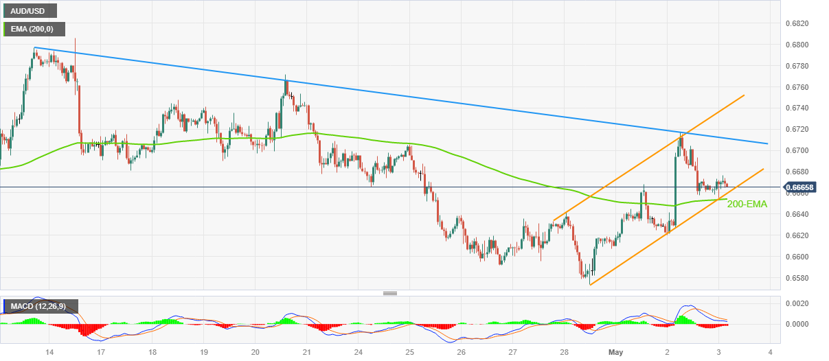 然而,4月下旬震盪区间高位0.6705附近成為澳元/美元相邻阻力,若澳元/美元突破这一高位,将测试4月13日以来的下行阻力缐最新所处水平0.6715附近。
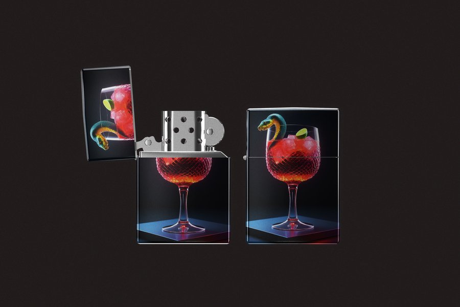 - Объект представляет собой бокал на ножке с детализированной текстурой, наполненный имитацией коктейля с кубиками льда, долькой лайма и змейкой, выглядывающей из бокала. - Объект подлежит комплексной печати с высокой детализацией мелких элементов (змея, структура льда, текстура бокала).
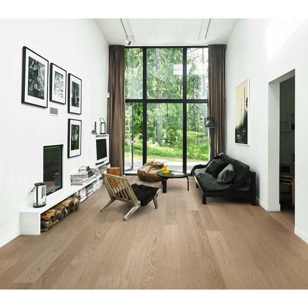 De grå tonene i dette 1-stavs gulvet fra Capital Collection er balansert med en jevn fargevariasjon mellom plankene. Bare eiketømmer av fineste kvalitet er brukt, og hvert bord er børstet for å få frem særtrekkene i sorteringen og fremheve den naturlige teksturen av treet. Den lysabsorberende, ultramatte lakken skaper inntrykk av nysaget tømmer, som effektivt eliminerer skinn i overflaten, samtidig som det beskytter treet mot daglig slitasje. Mikrofasede kanter på fire sider forsterker et klassisk, plankeutseende.
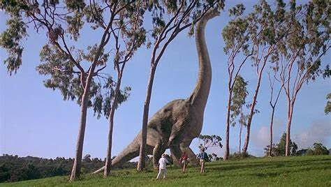 Crichton wrote the screenplay along with David Koepp. The corporate thriller aspects were jettisoned, to get us to the island quickly. We see Isla Nublar at the 16-minute mark, and three minutes later comes our first resident, the brachiosaurus (changed from the book’s brontosaurus, because the brachiosaurus grazed from tree canopies rather than low plants, allowing for that iconic shot when Alan and Ellie first see a dinosaur). Now there’s barely any wait for the cast to catch up with the audience.
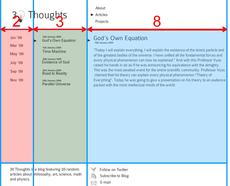 たとえば、3つの列の幅は、それぞれフィボナッチ数(2,3,8)でデザインされています。 左にある2列の幅の比は2:3で、右にある2列の幅の比は3:8です。
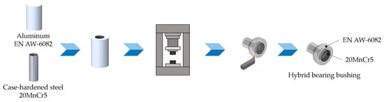 - Behrens, B.-A.; Bouguecha, A.; Frischkorn, C.; Huskic, A.; Chugreeva, A. Process routes for die forging of hybrid bevel gears and bearing bushings. In Proceedings of the AIP Conference Proceedings 1896, Dublin, Ireland, 16 October 2017. [Google Scholar]
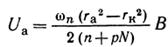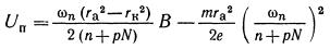 Постоянное анодное напряжение U а, при котором бесконечно малая амплитуда СВЧ колебаний в резонаторной системе обеспечивает попадание электронов на анод в случае В > Вкр, называется пороговым напряжением магнетрона Un. Если проанализировать более подробно условия самовозбуждения цилиндрического многорезонаторного магнетрона, то величина порогового напряжения оказывается связанной с магнитной индукцией В, радиусами анода и катода rа и rк, номером вида колебаний п и номером пространственной гармоники р уравнением Хартри
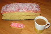 2. Into the faithful old Kenwood Chef we go with our first packet of cake mix , 2 eggs, a couple of spoons of vegetable fat (Flora, not Crisco with its unsavoury undertones) and a drop of water. Sloppy consistency, cooled to a nice crispy but cakey texture, so we thought we’d switch to recipe 2 for the top, reserving a bit of the sloppy stuff for icing the aforementioned decorations.
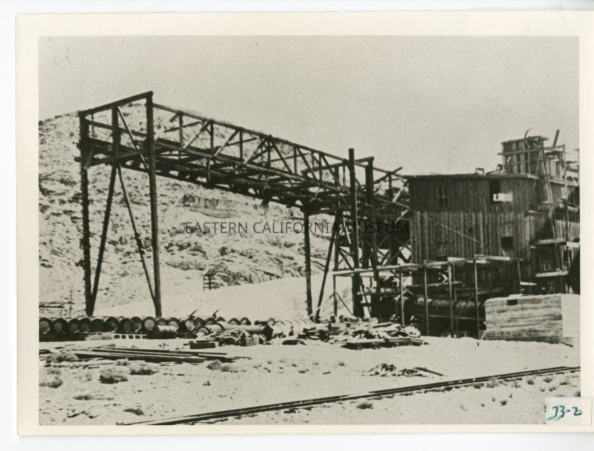 B/w photo of a wooden structure with a long section protruding (conveyor belt?). Row of barrels beneath this protrusion and rail in foreground.
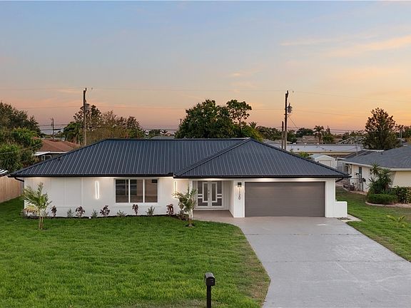 Welcome to 1120 SE 34th Street! | This 4 bedroom, 2 bathroom pool home is not your typical renovation - EVERYTHING has been touched and upgraded on this property. Brought back from block - enjoy an open-floor concept, split floor plan home that shines as good as any new construction house because it practically is! In an unbeatable location in Cape Coral - be close to it all and out of a flood zone, in an impeccable home. The walls have been moved, new trusses installed, drywall, electrical, plumbing, sod, irrigation, pool, and pool equipment - EVERYTHING is NEW. Impact Windows and Sliders have been installed giving peace of mind during storms. NEW metal roof installed, hurricane rated garage door, 6" 360-gutters, new A/C, the ducts, spray foam insulation (in walls and attic space) - absolute quality! The kitchen is gorgeous and features Manhattan styled cabinets, under-cabinet lighting, and a quartz waterfall island with farmhouse sink & pop-up USB-C outlet. Both bathrooms renovated and feature LED back-lit mirrors, new vanities, shower tile and fixtures. Tile Flooring throughout the home. Full list of features available! Hard to find homes this size, quality and price in this location - city water and sewer in & OUT of the flood zone. Schedule a showing and make this one yours today!
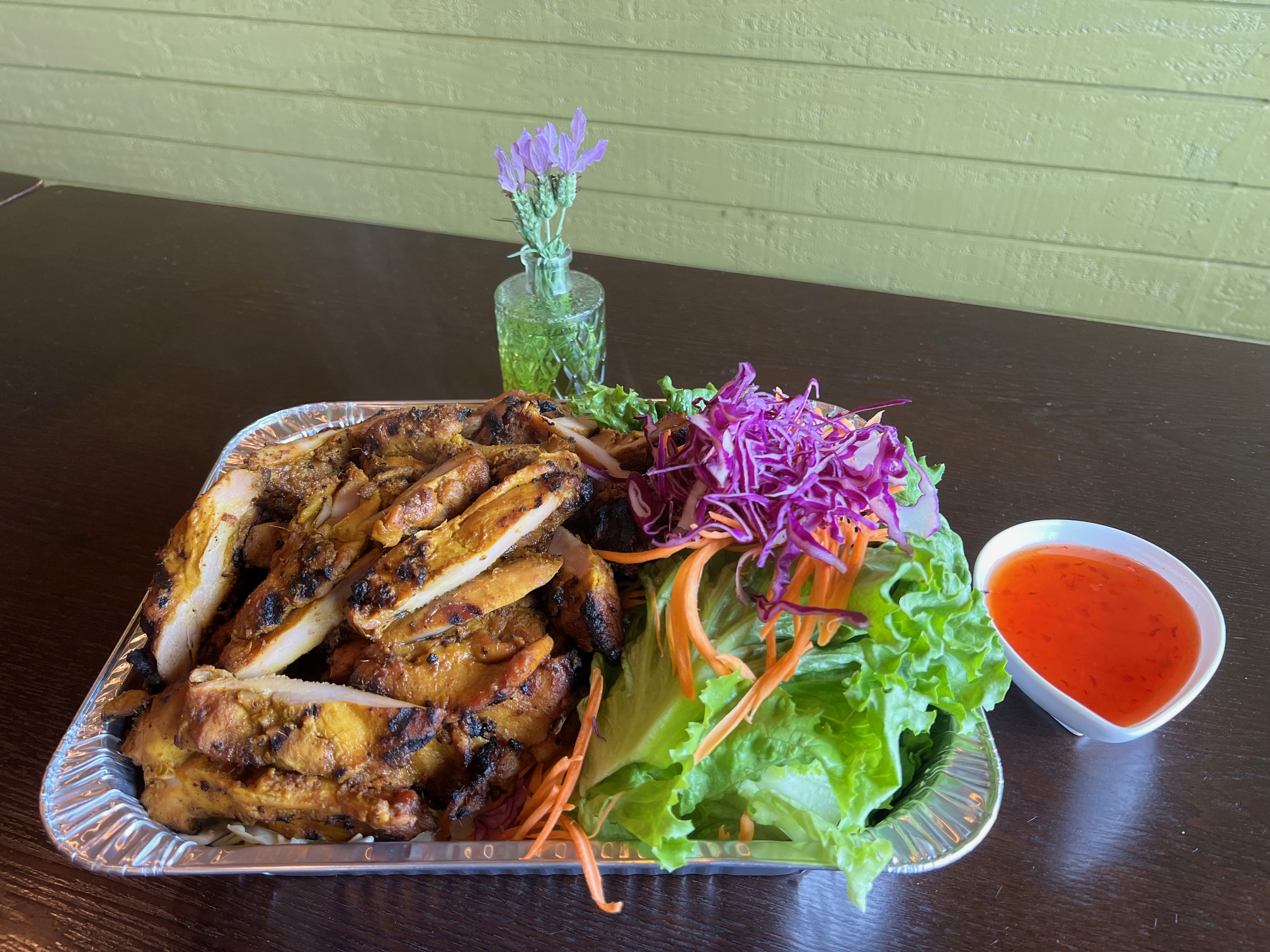 Grilled marinated chicken (Thight) with Thai herbs served with sweet and sour sauce
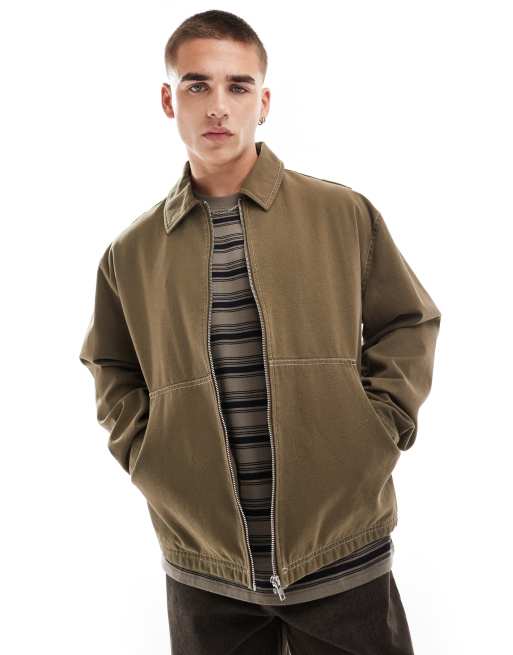 ASOS DESIGN - Brun Harrington-jakke med kontrasterende syninger
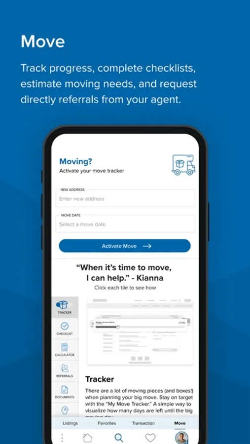 My Move: View move progress, estimate moving needs, complete checklists, and receive service referrals or second opinions from your agent.
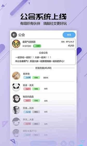 剧本内容丰富多样,各类题材随心挑选!快速匹配功能,让你无论何时何地都能即刻开启游戏!还能邀请好友组队,尽享欢乐时光!
******
- YOUR TASK
Beginning with the line above that contains "- Объект представляет" and ending with the line that contains "- Behrens, B.-A.;", quote each line exactly, keeping out the pictures.

- EXERCISE RESULT
 - Объект представляет собой бокал на ножке с детализированной текстурой, наполненный имитацией коктейля с кубиками льда, долькой лайма и змейкой, выглядывающей из бокала. - Объект подлежит комплексной печати с высокой детализацией мелких элементов (змея, структура льда, текстура бокала).
 De grå tonene i dette 1-stavs gulvet fra Capital Collection er balansert med en jevn fargevariasjon mellom plankene. Bare eiketømmer av fineste kvalitet er brukt, og hvert bord er børstet for å få frem særtrekkene i sorteringen og fremheve den naturlige teksturen av treet. Den lysabsorberende, ultramatte lakken skaper inntrykk av nysaget tømmer, som effektivt eliminerer skinn i overflaten, samtidig som det beskytter treet mot daglig slitasje. Mikrofasede kanter på fire sider forsterker et klassisk, plankeutseende.
 Crichton wrote the screenplay along with David Koepp. The corporate thriller aspects were jettisoned, to get us to the island quickly. We see Isla Nublar at the 16-minute mark, and three minutes later comes our first resident, the brachiosaurus (changed from the book’s brontosaurus, because the brachiosaurus grazed from tree canopies rather than low plants, allowing for that iconic shot when Alan and Ellie first see a dinosaur). Now there’s barely any wait for the cast to catch up with the audience.
 たとえば、3つの列の幅は、それぞれフィボナッチ数(2,3,8)でデザインされています。 左にある2列の幅の比は2:3で、右にある2列の幅の比は3:8です。
 - Behrens, B.-A.; Bouguecha, A.; Frischkorn, C.; Huskic, A.; Chugreeva, A. Process routes for die forging of hybrid bevel gears and bearing bushings. In Proceedings of the AIP Conference Proceedings 1896, Dublin, Ireland, 16 October 2017. [Google Scholar]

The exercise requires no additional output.